BorneoFlash.com, SAMARINDA — Pemerintah Kota (Pemkot) Samarinda melalui Satuan Polisi Pamong Praja (Satpol PP) menertibkan lima bangunan liar yang berdiri di atas aset daerah di Jalan Kapten Soedjono, RT 12, Kelurahan Sungai Kapih, Kecamatan Sambutan, pada Selasa (12/5/2026). 

Penertiban dilakukan dengan pengamanan aparat gabungan serta bantuan alat pembongkaran setelah para penghuni dinilai tidak mengindahkan sejumlah peringatan yang telah diberikan sebelumnya.

Kegiatan tersebut melibatkan unsur Satpol PP, TNI, Polri, kecamatan, kelurahan, bagian hukum, hingga bidang aset Pemerintah Kota Samarinda.

Sejumlah bangunan semi permanen yang digunakan sebagai lokasi usaha dibongkar petugas secara bertahap.

lihat foto
Satpol PP Samarinda Melakukan Penertiba terhadap Lima Tempat Usaha Semi Permanen di Jalan Kapten Soedjono, RT 12, Kelurahan Sungai Kapih, Kecamatan Sambutan, pada Selasa (12/5/2026).

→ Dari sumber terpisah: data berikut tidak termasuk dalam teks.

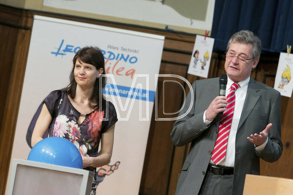 Lothar Roitner (Geschäftsführer FEEI - Fachverband für Elektro und Elektronikindustrie und Obmann der Fachhochschule Technikum Wien), Andreas Heindl (GF/Eigentümer der Konfiserie Hendl), Gabriele Zuna-Kratky (Direktorin des TMW), Johannes Höhrhan (GF der Industriellenvereinigung Wien), Erich Huber (WK Wien), Katharina Sigl (Festo), Robert Steiner und die Sieger (Platz 1-3) des Leonardino-Contests, © Martina Draper für Festo (23.04.2013)

Foto: BorneoFlash/Nur Ainunnisa
Satpol PP Samarinda Melakukan Penertiba terhadap Lima Tempat Usaha Semi Permanen di Jalan Kapten Soedjono, RT 12, Kelurahan Sungai Kapih, Kecamatan Sambutan, pada Selasa (12/5/2026). Foto: BorneoFlash/Nur Ainunnisa

Ketua RT 12, Dantoro, menjelaskan bahwa pada awalnya lahan tersebut hanya dipinjamkan untuk membantu seorang warga lanjut usia yang ingin membuka usaha kecil.

“Pada mulanya lokasi itu dipergunakan untuk membantu seorang nenek yang masih ingin berusaha. Saat itu hanya dibangun warung kopi sederhana karena kondisi lahannya juga masih becek,” ujarnya saat ditemui di lokasi penertiban.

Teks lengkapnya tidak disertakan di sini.